Paniatowski grinned again.
‘Not to mention “biographer”,’ she said.
‘Aye, that’s another big word we’re best steering clear of,’ Charlie Woodend agreed.
‘Another possibility is that she might have been killed by a man who she kicked in the balls in the Rising Sun.’
Woodend chuckled again. ‘That should stop his sun rising for a while,’ he said. ‘Was he trying to pick her up?’
‘No, she was trying to pick his wife up.’
‘That’s two motives for you, then – damage to his pride, and damage to his goolies.’
‘And then there’s the line that Crane’s following. You remember Crane, don’t you? You met him once in the Drum.’
‘Aye, I think so. Is he the lad who looks like a poet?’
‘He is a poet.’
‘Is he, by God! Well, it takes all sorts to make a world, I suppose, and he seemed a bright lad, so he’ll probably go far.’
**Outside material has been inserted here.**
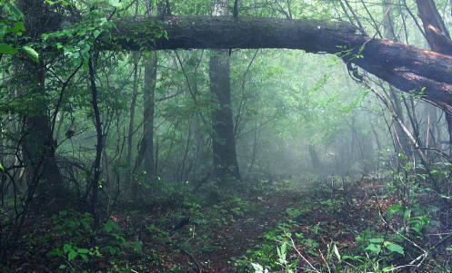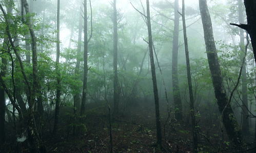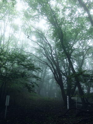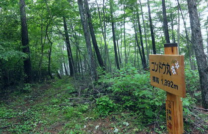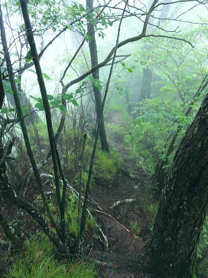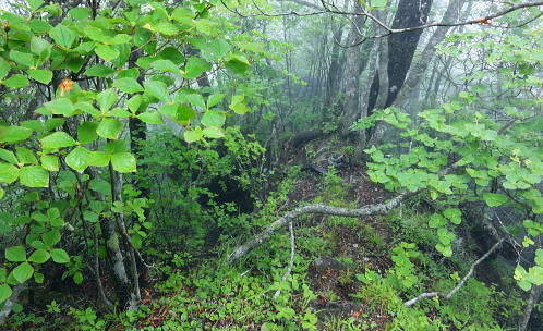 | 山中は白霧一色に染まり霧雨が舞う幻想的な世界・・大谷ケ丸南東尾根の上部と天狗尾根 ホリヌキドウミから大谷ケ丸―濃霧強く大谷ケ丸西尾根を諦め.大鹿峠天狗尾根から田野.景徳院へ下る・・jr甲斐大和 切目峠から岡松ノ峰南尾根―ホリヌキ1447m ホリヌキから大谷ケ丸―大鹿峠天狗尾根・・鉄塔尾根と赤鳥居からの水野田山.田野集落の展望 1447m圏コブ スズタケから解放された立木も疎らな平頂.12:00南東尾根ツメから縦走路 12:00ホリヌキ1447m一堀抜ドウミ一12:50縦走路一13:05平沢ノ嶺:15一13:05大谷ケ丸:35一14:11コンドウ丸 一曲り沢峠一14:41大鹿山,景徳院分岐一15:00笛駒線68号鉄塔. スズタケの藪から解放されると1447m圏コブ.ホリヌキにでる。平地の台地の立木にマーキングがあるだけの.山名標もない殺風景なコブ。 幾つもの色テープが小ブナの幹に巻かれ.ここがホリヌキ(堀抜)だと示している。気にせねば通過してしまいそうな閑散としたコブ。 包容する霧粒に緑が冴える小ブナの森 12:00ホリヌキを過ぎると小ブナの茂る樹林帯に入る。まだ下草の笹葉を付けぬスズタケ帯を抜けてきた。それでも緑被われだした大地は素晴らしい。 モヤが包容し癒される風景だ。又今回は常にモヤの小さな霧粒が樹海に漂い放徊していた。それが又幻想的な風景を創りだしている。 先のキレットは堀抜ドウミ.12:06そのなだらかさもホリヌケの肩を過ぎると直ぐ西へ急下降して細尾根になる。 灌木混ざりの岩場になり.深く切れ落ちるキレットがホリヌキドウミだった。 まだ幾らか若草色の樹葉が見られた.12:42ホリヌキドウミ 確りした立木の混ざる岩場にザラ地,丁寧に下れば気を張るほど心配する必要はなかった。 古い焦せたテープのマーキングがあり.右手の白いザレの足元には太い麻紐が長さもなく根元に確り括られていた。 大分昔のもので古く切り落とされ.取付きの部分だけが残されていた。昔付けた補助ロープの端の締め部分だろう。 この通過は尾根から体を外側の空間に離すため.これだけでも掴める縄があると体を谷側に浮かす安心感をもたらしていた。 右側に巻き気味に斜め下にトラバースする。ホールド.スタンスは土壌混ざりで脆いが大きい。 最後の登り気味の所で一度力を入れ過ぎたため.高めにあった大き目の突起石を抱え込むと砂のよう崩れた。 ただ慎重に通過すれば不安を抱かす場所ではなかった。アッと云う間の10m足らずの距離.ホリヌケドウミを越える。 この下には巻き道が何本かあるようだ。 ドウミ.キレット越えは昔は米背負峠から大ゴ沢沿いに開かれた古道がホリヌキドウミを越えている。 そして恵能野川沿いの堀抜ドウミ沢にルートが開かれていた。今は荒廃が激しく踏み跡すら消え伏せていた。 峠越しの掘切ドウミ沢への踏み跡はここからでは分からない。沢沿に下ると小沢ドウミを横切る新たな林道桑西線にぶつかる。 そして林道止まりから下れば今は巡視路でもある恵能野川本流の古道にでられる。 後日アモウ沢に入ったところ.アモウ沢左岸尾根の中程に横断する古道の形跡を見付けている。 コクトチ沢側の古道は判らなかったがその先はアモウ沢乗越と思われる。 ホリヌキドウミ越え 右手のオオゴ沢伝いの日向部ルート・・利用者のない割に道形はよく保たれている。 懐も浅いので後記.恵能野川コースより安全確実な下山路。下り初めはコゴ沢と出合い.次いでオオゴ沢を丸太橋で渡る。 その後は伐採の手が入った山裾を辿り.やがて堰堤工事絡みの林道に降り立つ。 公営テニスコートが設けられた真木川日向部にでる。 左手は小沢の源頭を絡んで恵能野川本流コース・・滑りだしは緩斜面の山腹を絡む穏やかな径。 5分も下ると乾いた沢床を踏むようなり.それが小沢の源。程なく一筋の流れが岩を濡らし.やがては躊躇いながら水音を立て始める。 ノボリオ沢,更にアモウ沢と出合うまでも,ずっとそんな調子になる。恵能野川と名前を変えた本流へ。 やがれ山仕事の径と合う.その直ぐ先には仮橋も設けられている。鞍吾山からの下山路を右に見て,左岸に移る。 ・・「中央線の山を歩く」藤井寿夫著の下り道から. 米背負(米背負ノタル)越え オオゴ沢は昔,国中から真木の谷へ米を運んだ古道。大蔵沢米背負沢緩いジグザグの沢沿い径で, 昭和57年の台風10号で荒れたとは言え通行には支障がない。オオゴ沢上流の古道は荒れて消えてしまっていた。 HP「花ひかり」氏によると2004年06月.大ゴ沢沿いに延びるであろう真木へ下る古道を探る積りでいたが造形すら 見つからなかった。そして切り替え.米背負峠から大ゴ沢一堀抜ドウミ一エデ穴沢一恵能野川一真明野にでている。 そして「今回は沢歩きが大半なものの.悪場はなく登山靴でもさほど問題なく歩けた。」と述べている。 米背負からまだ大ゴ沢のツメは覗き込んでいないが道があるとは思えぬほど急斜面だと云う。 それに比べ米背負沢側は緩い斜面のジグザグ径。真木川右岸の各尾根を先ずは踏んでから考慮することとする。 平沢ノ嶺から綴られ

‘Anyway, just before she died, our victim was doing research on a murder that happened in Whitebridge in 1924.’
Woodend sighed. ‘When I were but a nipper,’ he said.
‘Yes, when you were but a nipper – with your bare arse hanging out of your short pants, and a slice of bread and dripping held firmly in your tiny right hand,’ Paniatowski said.
‘Aye, it were just like that,’ Woodend said nostalgically.
‘Now where was I?’ Paniatowski wondered.
‘You were saying that your victim was researching this murder that happened in 1924.’